*Data:*
-- -- --

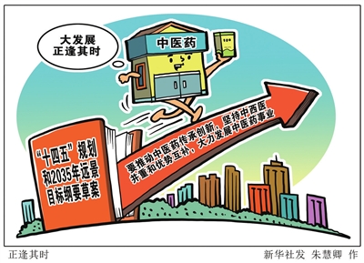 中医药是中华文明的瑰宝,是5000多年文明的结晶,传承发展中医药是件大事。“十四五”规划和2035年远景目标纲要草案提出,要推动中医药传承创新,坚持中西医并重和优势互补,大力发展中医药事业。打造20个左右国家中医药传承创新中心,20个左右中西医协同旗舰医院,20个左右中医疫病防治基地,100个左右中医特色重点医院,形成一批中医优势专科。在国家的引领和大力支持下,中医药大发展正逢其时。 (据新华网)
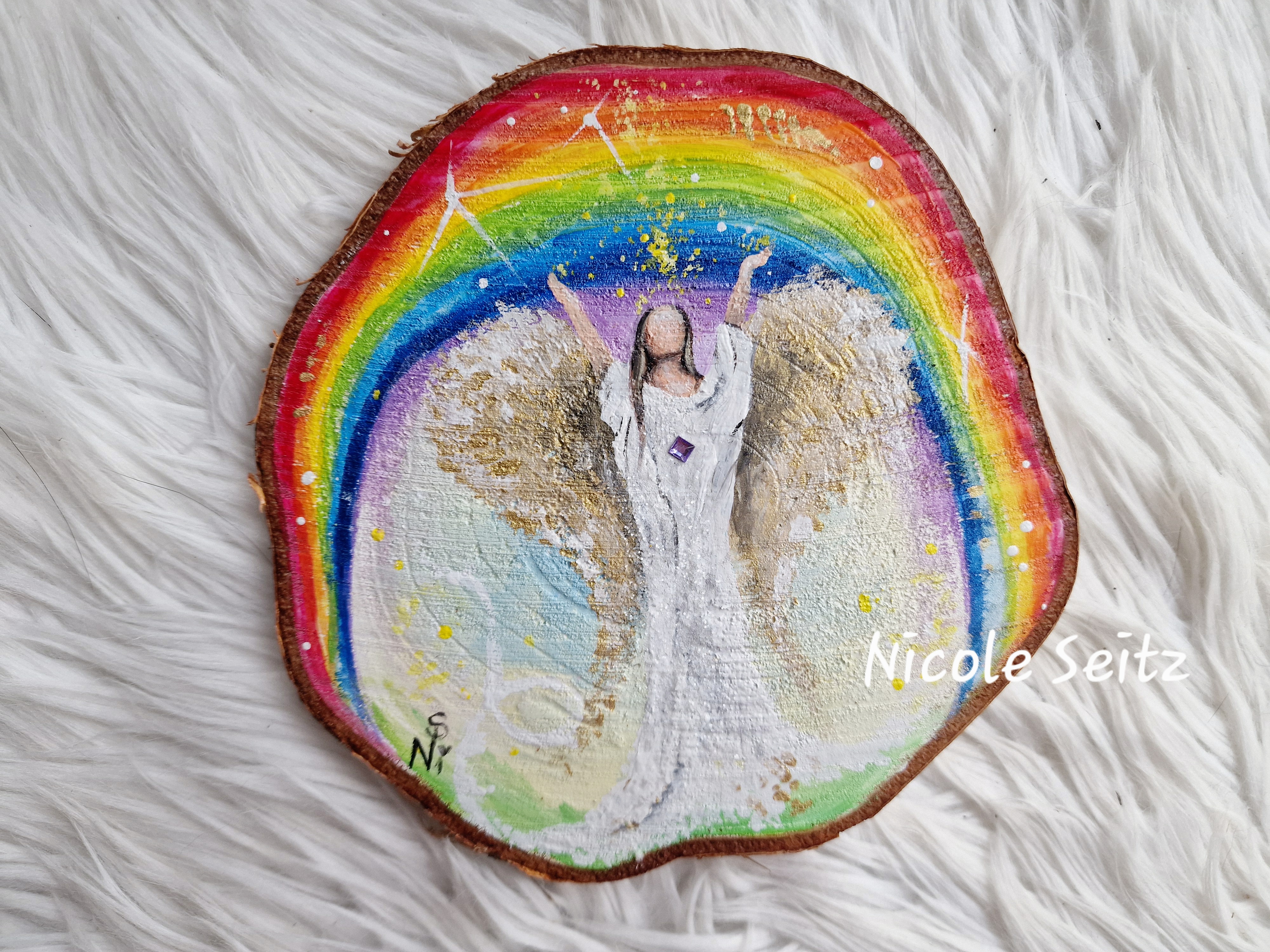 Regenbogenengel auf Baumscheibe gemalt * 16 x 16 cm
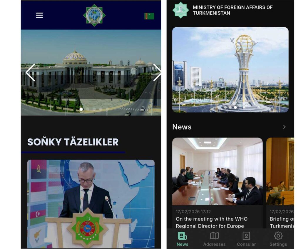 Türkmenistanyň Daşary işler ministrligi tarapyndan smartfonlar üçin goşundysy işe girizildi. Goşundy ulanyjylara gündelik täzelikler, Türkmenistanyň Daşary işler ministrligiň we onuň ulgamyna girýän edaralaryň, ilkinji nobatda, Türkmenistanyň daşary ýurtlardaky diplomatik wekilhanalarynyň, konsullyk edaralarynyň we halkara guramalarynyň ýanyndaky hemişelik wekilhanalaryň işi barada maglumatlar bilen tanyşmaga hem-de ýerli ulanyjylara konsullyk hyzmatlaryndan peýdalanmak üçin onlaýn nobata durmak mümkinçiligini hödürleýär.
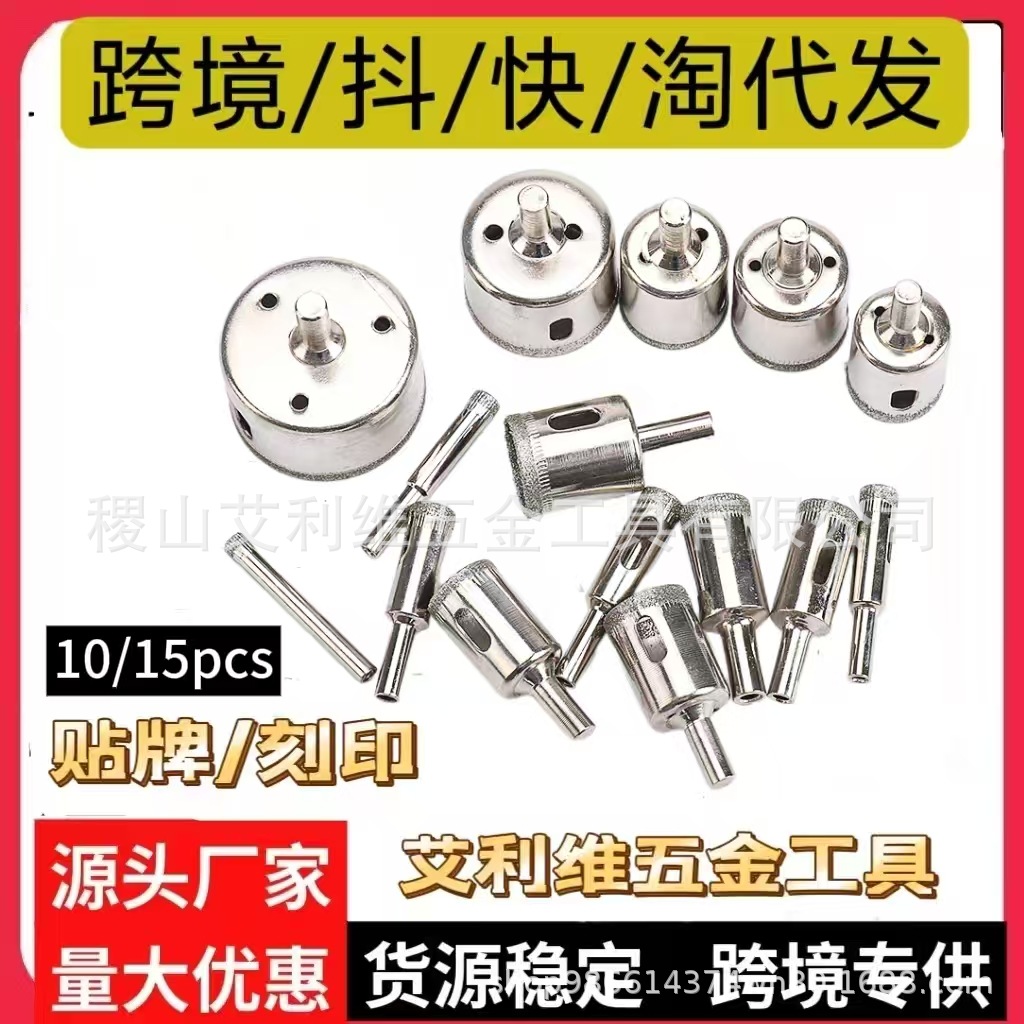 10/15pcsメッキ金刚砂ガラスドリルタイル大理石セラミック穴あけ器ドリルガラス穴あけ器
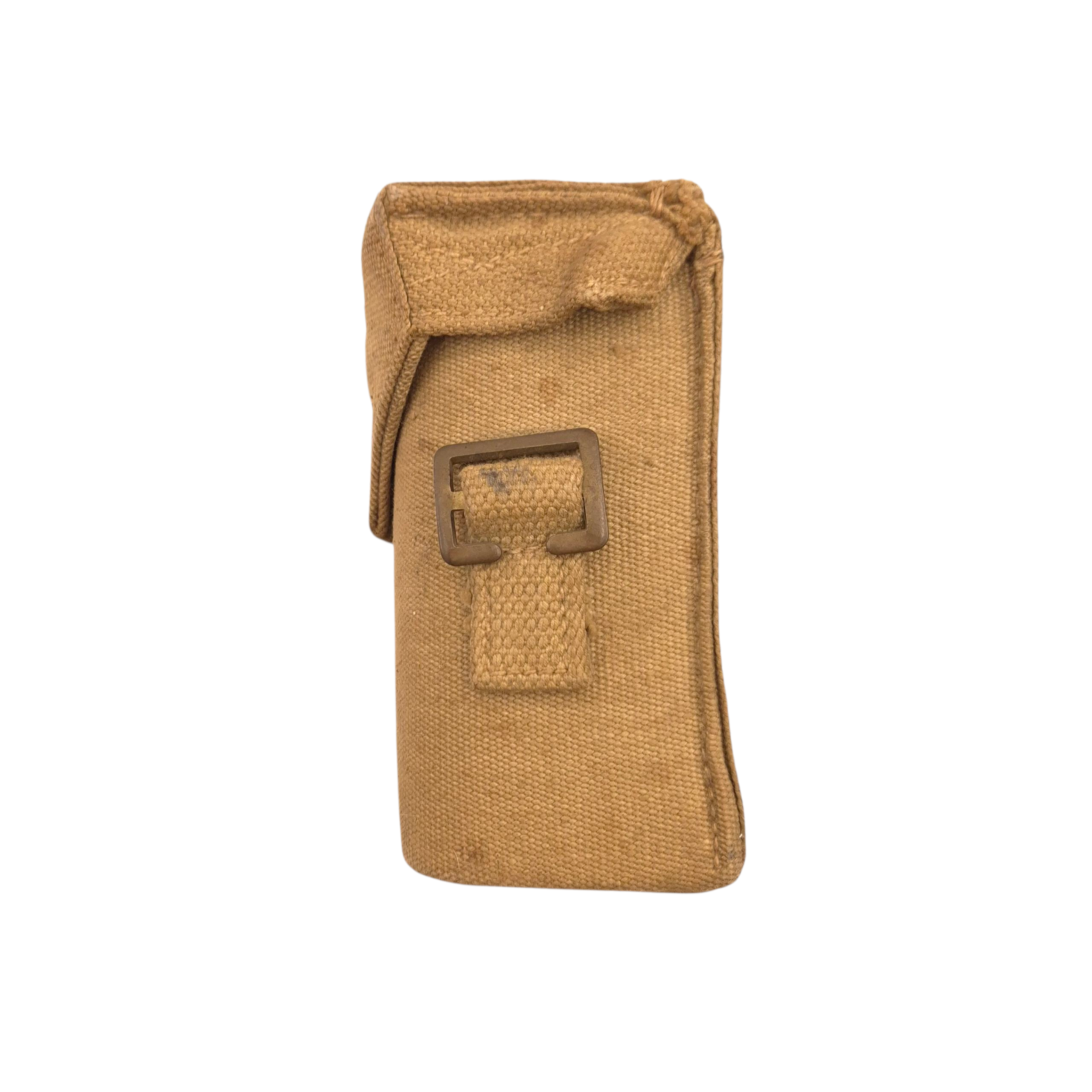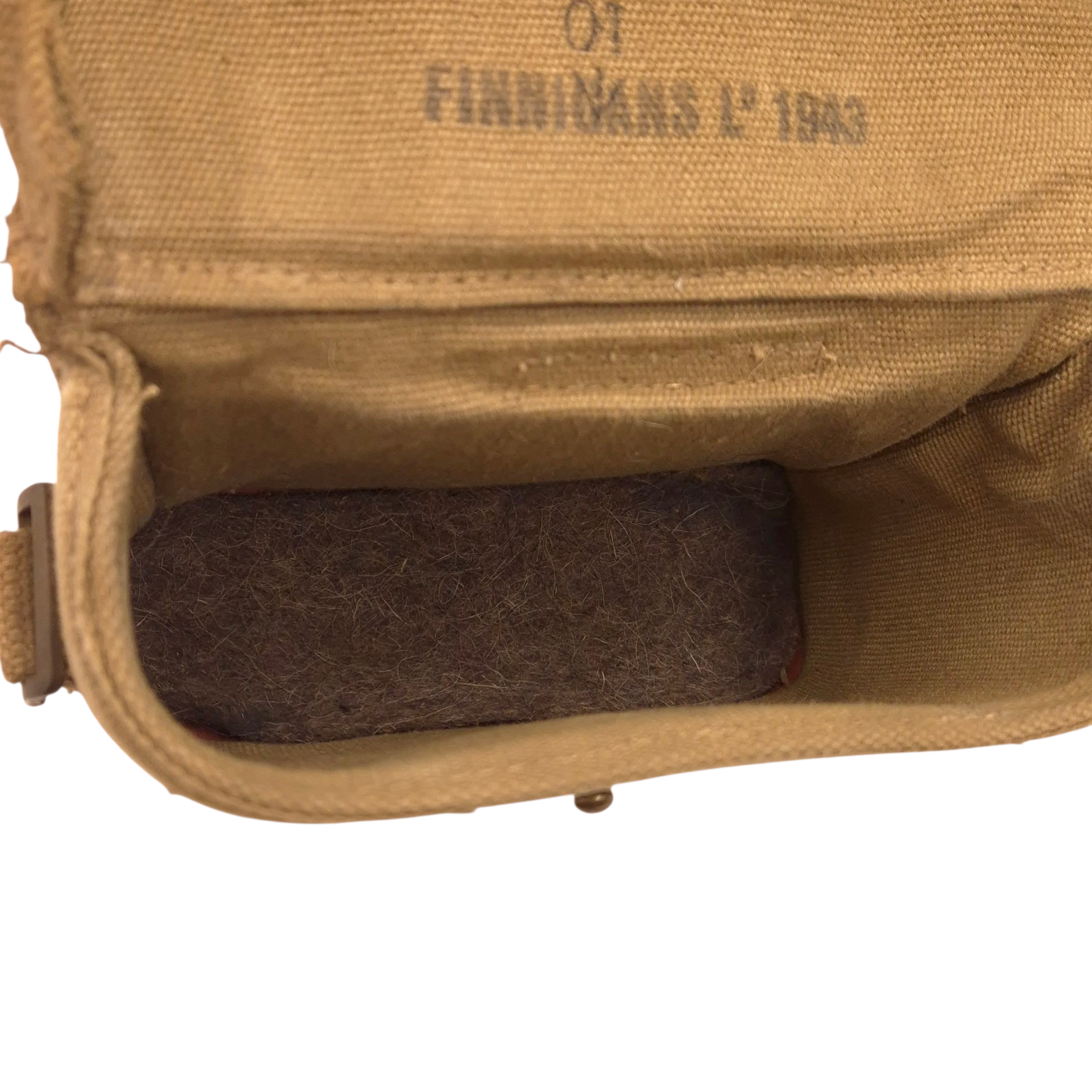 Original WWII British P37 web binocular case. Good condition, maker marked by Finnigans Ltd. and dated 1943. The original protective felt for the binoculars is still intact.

-- -- --

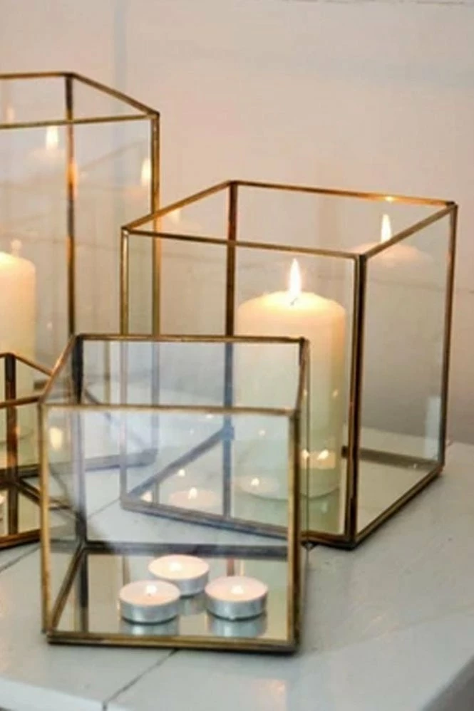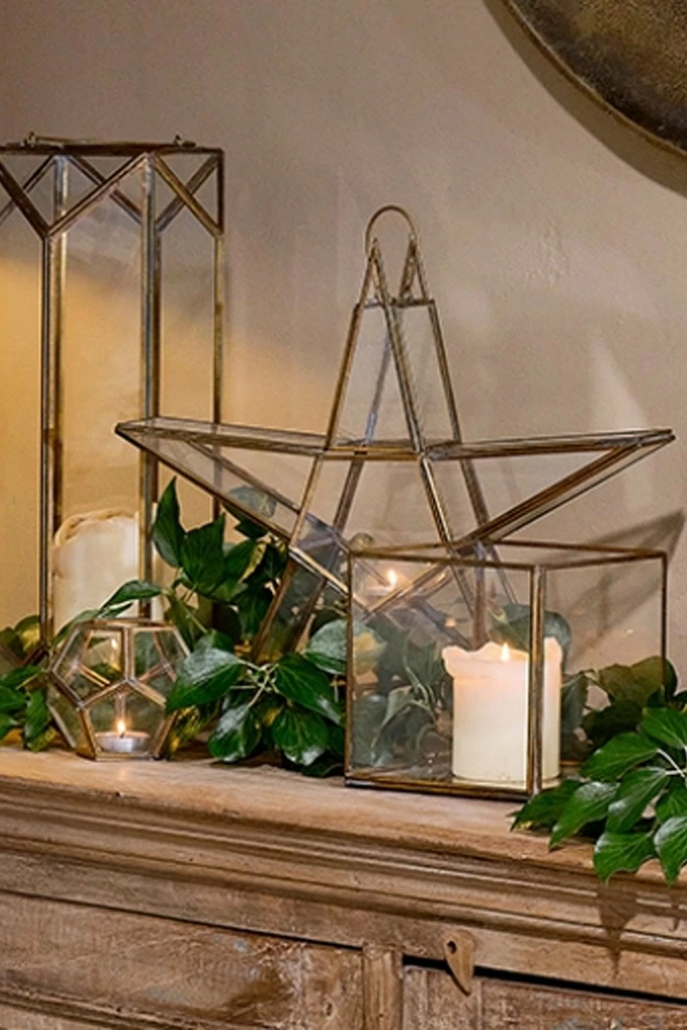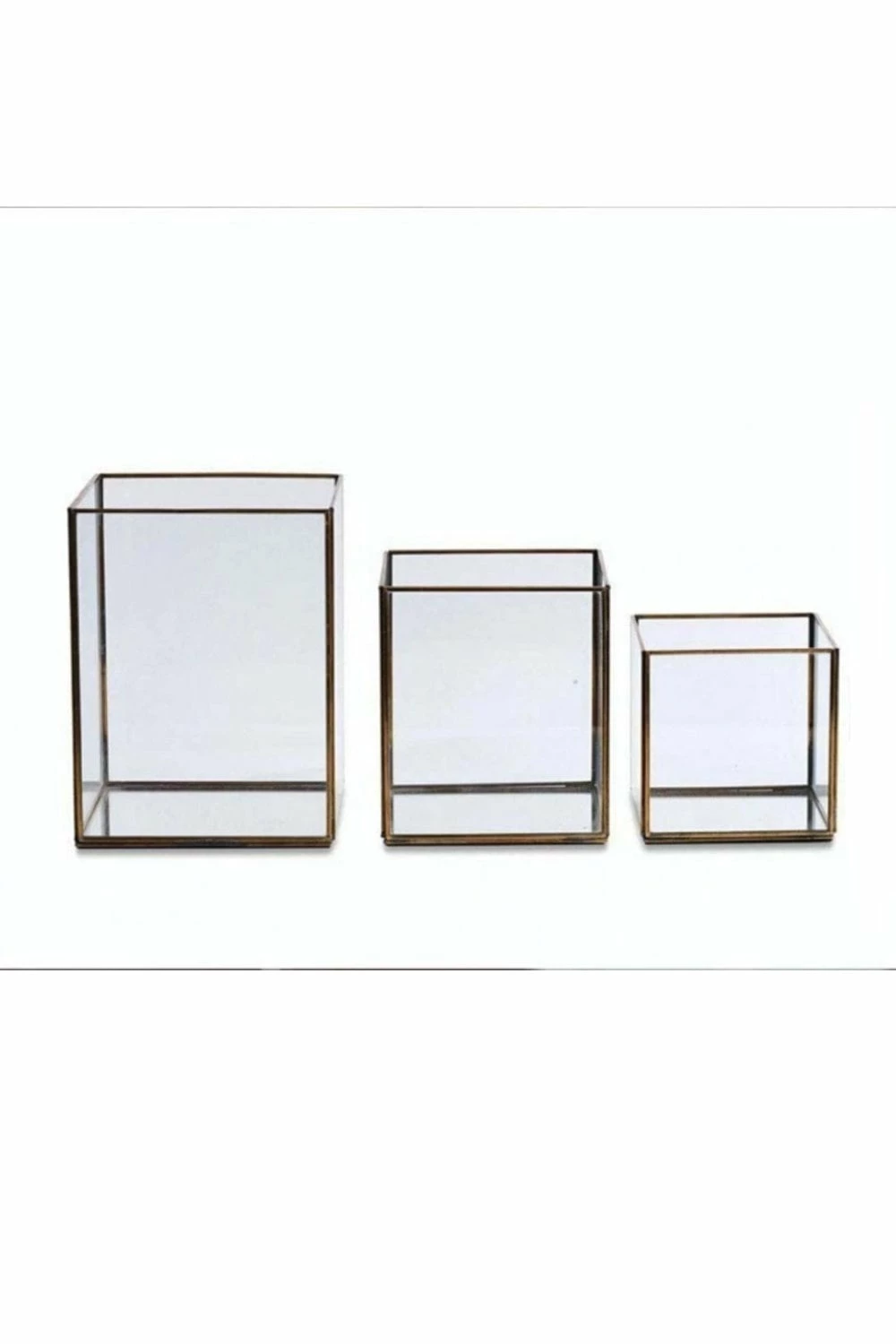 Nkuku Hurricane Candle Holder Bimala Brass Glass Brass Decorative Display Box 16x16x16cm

-- -- --

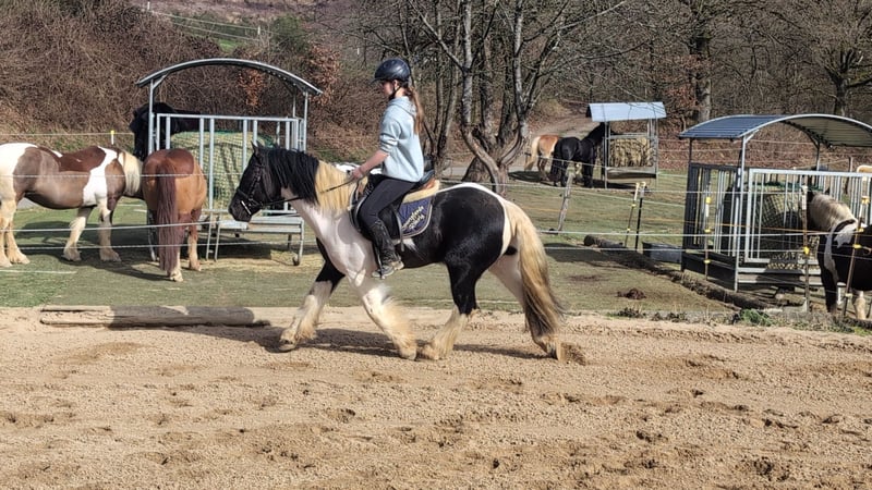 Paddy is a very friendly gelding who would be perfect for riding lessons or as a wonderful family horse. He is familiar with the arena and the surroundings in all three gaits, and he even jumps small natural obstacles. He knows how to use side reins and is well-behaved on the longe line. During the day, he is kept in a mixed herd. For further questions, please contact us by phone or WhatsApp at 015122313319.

-- -- --

*Work to complete:* With the pictures omitted, restate word for word the lines above from the line that has "中医药是中华文明的瑰宝,是5" up to and including the line that has "10/15pcsメッキ金刚砂", and no other lines.

*Finished exercise:*
 中医药是中华文明的瑰宝,是5000多年文明的结晶,传承发展中医药是件大事。“十四五”规划和2035年远景目标纲要草案提出,要推动中医药传承创新,坚持中西医并重和优势互补,大力发展中医药事业。打造20个左右国家中医药传承创新中心,20个左右中西医协同旗舰医院,20个左右中医疫病防治基地,100个左右中医特色重点医院,形成一批中医优势专科。在国家的引领和大力支持下,中医药大发展正逢其时。 (据新华网)
 Regenbogenengel auf Baumscheibe gemalt * 16 x 16 cm
 Türkmenistanyň Daşary işler ministrligi tarapyndan smartfonlar üçin goşundysy işe girizildi. Goşundy ulanyjylara gündelik täzelikler, Türkmenistanyň Daşary işler ministrligiň we onuň ulgamyna girýän edaralaryň, ilkinji nobatda, Türkmenistanyň daşary ýurtlardaky diplomatik wekilhanalarynyň, konsullyk edaralarynyň we halkara guramalarynyň ýanyndaky hemişelik wekilhanalaryň işi barada maglumatlar bilen tanyşmaga hem-de ýerli ulanyjylara konsullyk hyzmatlaryndan peýdalanmak üçin onlaýn nobata durmak mümkinçiligini hödürleýär.
 10/15pcsメッキ金刚砂ガラスドリルタイル大理石セラミック穴あけ器ドリルガラス穴あけ器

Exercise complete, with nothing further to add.